Characteristics of Memory
A common metaphor for human memory might be called the "computer file" metaphor. On this metaphor, we store a copy of an idea or experience in a file, which we can later retrieve and reexamine. There are several problems with this view.
Memories are accessed by content.
First of all, the natural way of accessing records in a computer is by their address in the computer. However, what actually happens in human memory is that we access memories by their contents. Any description that uniquely identifies a memory is likely to be sufficient for recall. Even more interesting, each individual element of the description may be nearly useless by itself, if it applies to many memories; only the combination needs to be unique. Thus
"He bet on sports. He played baseball."
is enough for many people to identify Pete Rose, even through the cues about baseball and betting on sports would not generally be sufficient as cues individually, since each matches too many memories.
Memory fills in gaps.
The computer-file metaphor also misses the fact that when we recall, we often fill in information that could not have been part of the original record. Pieces of information that were not part of the original experience intrude on our recollections. Sometimes these intrusions are misleading, but often enough they are in fact helpful reconstructions based on things we know about similar memories. For example, if we are told that someone has been shot by someone else from a distance of 300 yards, we are likely to recall later that a rifle was used, even though this was not mentioned when we heard about the original event.
Memory generalizes over examples.
A third crucial characteristic of memory is that it allows us to form generalizations. If every apricot we see is orange, we come to treat this as an inherent characteristic of apricots. But if cars come in many different colors, we come to treat the color as a freely varying property. So when we are asked to retrieve the common properties of apricots, the color is a prominent element of our recollection; but no color comes out when we are asked to retrieve the common properties of cars.
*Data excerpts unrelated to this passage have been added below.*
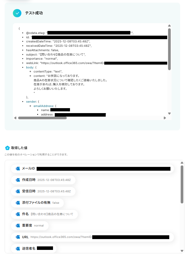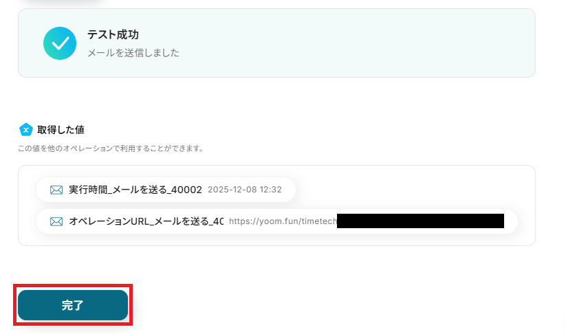 テストが成功すると、下記のような取得した値が表示されます。 取得した値はこのあとの設定でも使用します。 メールの内容が反映していればOKです。 「完了」を押して次に進みましょう!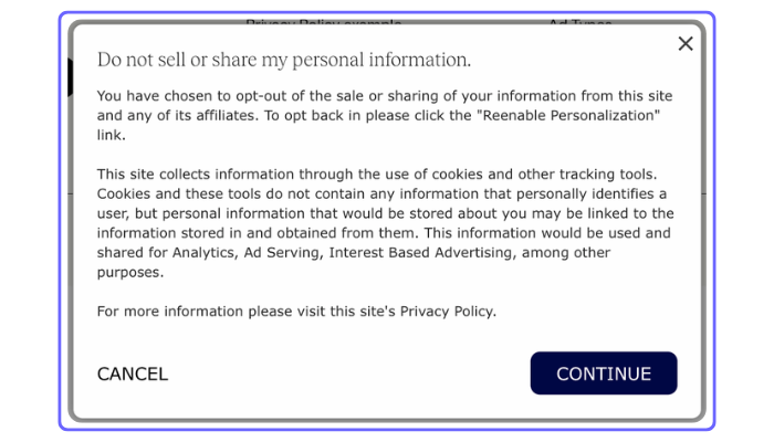 The visitor can close the pop-up and continue onto the site, and the link will change to “You have successfully opted out. Please click here if you would like to reenable personalization.” If clicked, this link will opt the user back in. This process and standard language are required across the internet.
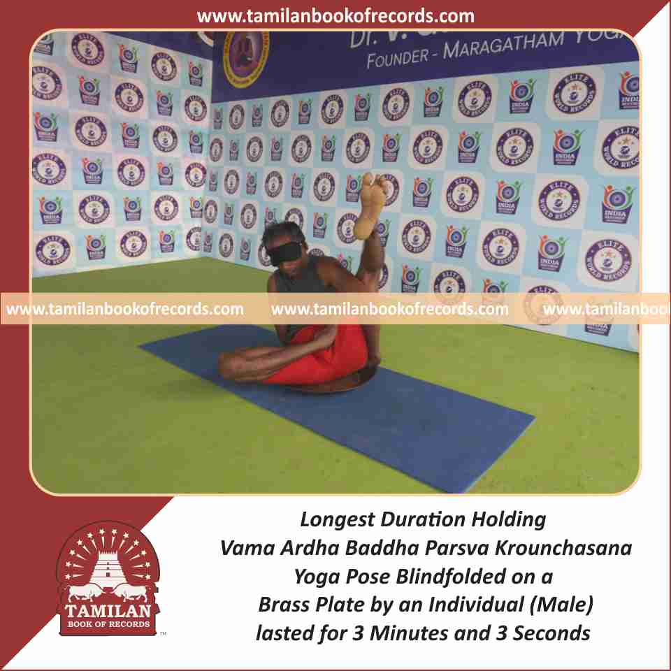 Longest Duration Holding Vama Ardha Baddha Parsva Krounchasana Yoga Pose Blindfolded on a Brass Plate by an Individual (Male)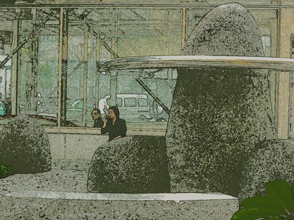 After 12,000 years of painful toil and creative endurance an instant Global interaction. A chance moment of cell-phone communication is in an iconic-organised ‘Stone Age’ setting in our world’s most technologically advanced metropolis. It captures Humanity’s debt to Neolithic-era ‘Belt-and-Road’ pioneers in their Civilising initiative, forward-planning and forewarning instruction – at

Proponents of the computer-file view of memory deal with these issues by adding special processes. Access by content is done by laborious sequential search. Reconstruction is done by applying inferential processes to the retrieved record. Generalization occurs through a process of forming explicit records for the category (e.g., car or apricot).
In PDP systems, these three characteristics of memory are intrinsic to the operation of the memory system.
Characteristics of PDP Systems
A PDP system consists of a large number of neuron-like computing elements called units. Each unit can take on an activation value between some maximum and minimum values, often 1 and 0. In such systems, the representation of something that we are currently thinking about is a pattern of activation over the computing elements. Processing occurs by the propagation of activation from one unit to another via connections among the units. A connection may be excitatory (positive-valued) or inhibitory (negative-valued). If the connection from one unit to another is excitatory, then the activation of the receiving unit tends to increase whenever the sending unit is active. If the connection is inhibitory, then the activation of the receiving unit tends to decrease. But note that each unit may receive connections from many other units. The actual change in activation, then, is based on the net input, aggregated over all of the excitatory and inhibitory connections.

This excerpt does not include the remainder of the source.